Data provided Block Start

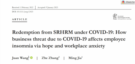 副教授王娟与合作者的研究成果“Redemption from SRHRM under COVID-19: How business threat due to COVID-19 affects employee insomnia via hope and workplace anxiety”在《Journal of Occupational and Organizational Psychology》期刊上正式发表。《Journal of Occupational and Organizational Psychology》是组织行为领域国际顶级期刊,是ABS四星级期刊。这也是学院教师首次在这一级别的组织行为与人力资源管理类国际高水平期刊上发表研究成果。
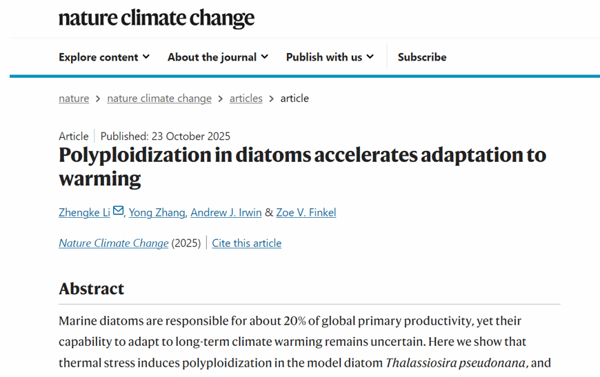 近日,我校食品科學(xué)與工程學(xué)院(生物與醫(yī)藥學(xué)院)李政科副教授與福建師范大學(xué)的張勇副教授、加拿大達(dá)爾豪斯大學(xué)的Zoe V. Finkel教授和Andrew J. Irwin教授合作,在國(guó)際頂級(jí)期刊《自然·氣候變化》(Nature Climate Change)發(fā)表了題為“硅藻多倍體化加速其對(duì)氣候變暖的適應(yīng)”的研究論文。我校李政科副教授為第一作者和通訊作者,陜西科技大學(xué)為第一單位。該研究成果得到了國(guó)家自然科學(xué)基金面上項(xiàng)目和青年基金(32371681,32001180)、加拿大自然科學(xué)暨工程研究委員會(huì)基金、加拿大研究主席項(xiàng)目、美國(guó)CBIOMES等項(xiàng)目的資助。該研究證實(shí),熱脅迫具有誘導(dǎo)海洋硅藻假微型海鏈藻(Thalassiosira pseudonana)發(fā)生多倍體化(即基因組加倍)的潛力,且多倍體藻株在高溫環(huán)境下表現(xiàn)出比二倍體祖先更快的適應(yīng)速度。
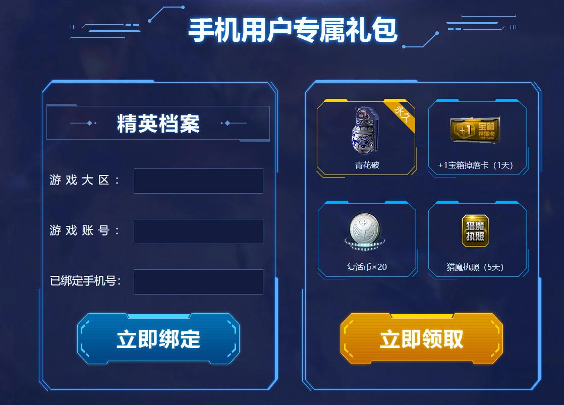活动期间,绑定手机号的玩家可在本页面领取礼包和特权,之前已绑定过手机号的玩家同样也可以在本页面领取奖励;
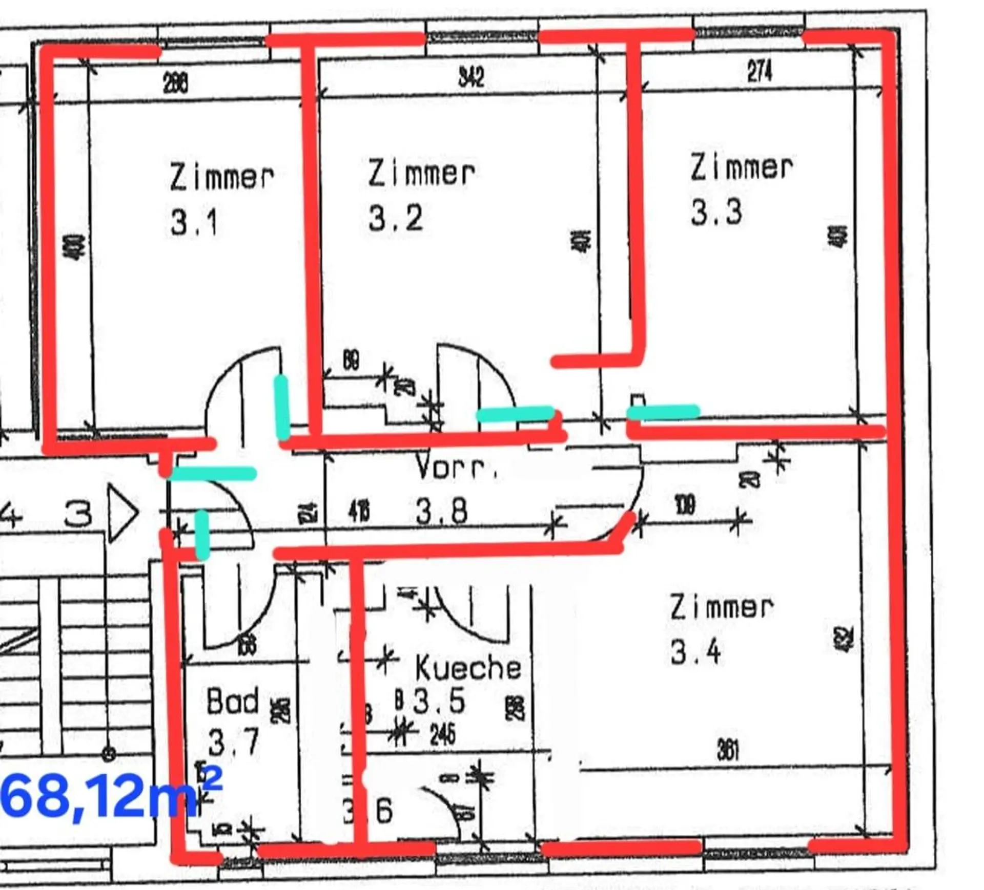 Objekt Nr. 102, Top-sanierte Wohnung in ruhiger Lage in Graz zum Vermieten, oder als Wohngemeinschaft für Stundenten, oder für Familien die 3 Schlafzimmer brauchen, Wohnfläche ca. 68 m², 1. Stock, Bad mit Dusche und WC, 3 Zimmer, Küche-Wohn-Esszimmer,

Data provided Block End
Data provided Block Start

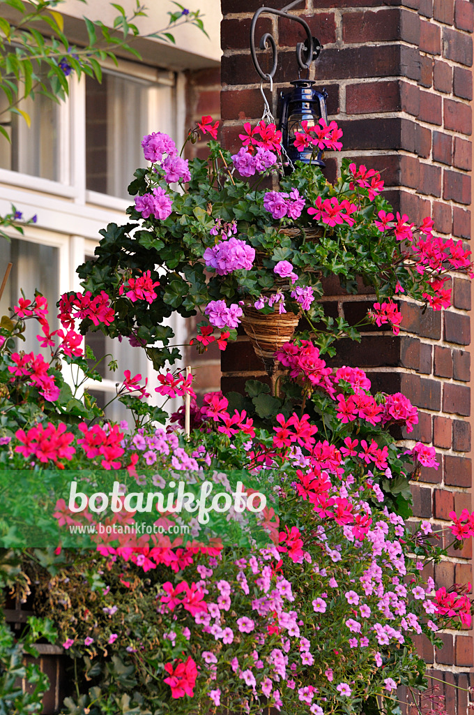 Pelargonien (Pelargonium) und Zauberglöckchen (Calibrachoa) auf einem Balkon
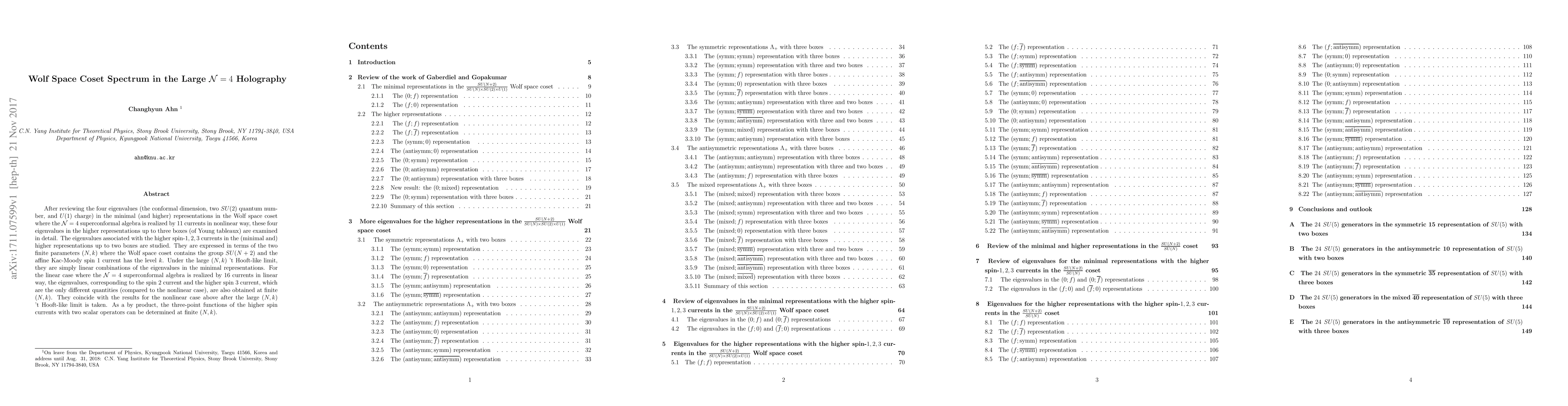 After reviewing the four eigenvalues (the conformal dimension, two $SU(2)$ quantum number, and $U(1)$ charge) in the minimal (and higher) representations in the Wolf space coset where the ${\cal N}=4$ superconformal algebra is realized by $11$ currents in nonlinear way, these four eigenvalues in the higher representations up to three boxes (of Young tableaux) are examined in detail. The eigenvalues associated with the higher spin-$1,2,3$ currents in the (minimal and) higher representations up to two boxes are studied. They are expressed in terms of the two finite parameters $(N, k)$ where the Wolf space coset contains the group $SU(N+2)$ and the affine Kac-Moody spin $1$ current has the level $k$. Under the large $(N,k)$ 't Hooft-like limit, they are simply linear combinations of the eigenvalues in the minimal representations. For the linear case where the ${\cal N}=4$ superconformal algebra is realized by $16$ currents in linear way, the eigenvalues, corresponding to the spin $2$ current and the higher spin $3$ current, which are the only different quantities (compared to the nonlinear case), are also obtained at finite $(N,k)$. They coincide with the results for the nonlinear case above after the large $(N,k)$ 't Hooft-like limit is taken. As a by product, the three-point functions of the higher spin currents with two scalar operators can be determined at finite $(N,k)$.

Data provided Block End
Data provided Block Start

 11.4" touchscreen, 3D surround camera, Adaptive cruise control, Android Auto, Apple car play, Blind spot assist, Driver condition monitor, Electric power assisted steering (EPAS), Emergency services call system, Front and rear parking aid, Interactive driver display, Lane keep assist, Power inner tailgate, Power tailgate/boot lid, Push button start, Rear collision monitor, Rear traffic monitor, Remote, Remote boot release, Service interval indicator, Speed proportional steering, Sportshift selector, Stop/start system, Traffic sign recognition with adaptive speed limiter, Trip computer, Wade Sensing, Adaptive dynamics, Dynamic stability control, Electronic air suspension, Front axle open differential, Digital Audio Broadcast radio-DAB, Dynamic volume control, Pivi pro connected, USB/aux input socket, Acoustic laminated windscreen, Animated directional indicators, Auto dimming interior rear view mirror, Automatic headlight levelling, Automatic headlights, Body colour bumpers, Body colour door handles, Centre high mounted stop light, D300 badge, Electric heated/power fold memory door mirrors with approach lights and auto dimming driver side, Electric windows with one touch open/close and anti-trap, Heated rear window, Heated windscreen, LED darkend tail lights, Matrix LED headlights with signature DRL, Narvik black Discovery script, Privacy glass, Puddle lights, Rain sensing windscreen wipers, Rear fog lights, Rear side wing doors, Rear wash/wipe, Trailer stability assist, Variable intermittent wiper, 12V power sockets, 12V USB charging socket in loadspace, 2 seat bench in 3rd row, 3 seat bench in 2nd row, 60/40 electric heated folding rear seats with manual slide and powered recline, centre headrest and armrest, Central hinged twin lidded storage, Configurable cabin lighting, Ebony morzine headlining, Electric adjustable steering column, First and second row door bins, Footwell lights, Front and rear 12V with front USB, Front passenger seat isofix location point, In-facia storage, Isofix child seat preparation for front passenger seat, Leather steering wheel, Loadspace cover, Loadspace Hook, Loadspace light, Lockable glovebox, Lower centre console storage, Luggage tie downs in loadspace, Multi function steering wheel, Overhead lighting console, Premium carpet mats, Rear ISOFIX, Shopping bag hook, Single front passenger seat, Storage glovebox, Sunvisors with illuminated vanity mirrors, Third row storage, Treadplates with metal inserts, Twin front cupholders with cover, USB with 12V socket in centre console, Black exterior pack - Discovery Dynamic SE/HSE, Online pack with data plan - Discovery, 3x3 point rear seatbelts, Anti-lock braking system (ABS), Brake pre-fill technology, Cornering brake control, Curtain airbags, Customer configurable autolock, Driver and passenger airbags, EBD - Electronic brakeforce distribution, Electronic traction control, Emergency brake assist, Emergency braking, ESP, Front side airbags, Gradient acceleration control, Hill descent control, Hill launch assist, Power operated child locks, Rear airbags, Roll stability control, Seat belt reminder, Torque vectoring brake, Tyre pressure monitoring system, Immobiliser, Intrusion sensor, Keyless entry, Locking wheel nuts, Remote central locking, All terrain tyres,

Data provided Block End

### [Task]
Would you restate, exactly and with no pictures, the lines of the entries above from the one containing "from SRHRM under" through the one containing "活动期间,绑定手机号的玩家可"?

### [Exercise result]
 副教授王娟与合作者的研究成果“Redemption from SRHRM under COVID-19: How business threat due to COVID-19 affects employee insomnia via hope and workplace anxiety”在《Journal of Occupational and Organizational Psychology》期刊上正式发表。《Journal of Occupational and Organizational Psychology》是组织行为领域国际顶级期刊,是ABS四星级期刊。这也是学院教师首次在这一级别的组织行为与人力资源管理类国际高水平期刊上发表研究成果。
 近日,我校食品科學(xué)與工程學(xué)院(生物與醫(yī)藥學(xué)院)李政科副教授與福建師范大學(xué)的張勇副教授、加拿大達(dá)爾豪斯大學(xué)的Zoe V. Finkel教授和Andrew J. Irwin教授合作,在國(guó)際頂級(jí)期刊《自然·氣候變化》(Nature Climate Change)發(fā)表了題為“硅藻多倍體化加速其對(duì)氣候變暖的適應(yīng)”的研究論文。我校李政科副教授為第一作者和通訊作者,陜西科技大學(xué)為第一單位。該研究成果得到了國(guó)家自然科學(xué)基金面上項(xiàng)目和青年基金(32371681,32001180)、加拿大自然科學(xué)暨工程研究委員會(huì)基金、加拿大研究主席項(xiàng)目、美國(guó)CBIOMES等項(xiàng)目的資助。該研究證實(shí),熱脅迫具有誘導(dǎo)海洋硅藻假微型海鏈藻(Thalassiosira pseudonana)發(fā)生多倍體化(即基因組加倍)的潛力,且多倍體藻株在高溫環(huán)境下表現(xiàn)出比二倍體祖先更快的適應(yīng)速度。
活动期间,绑定手机号的玩家可在本页面领取礼包和特权,之前已绑定过手机号的玩家同样也可以在本页面领取奖励;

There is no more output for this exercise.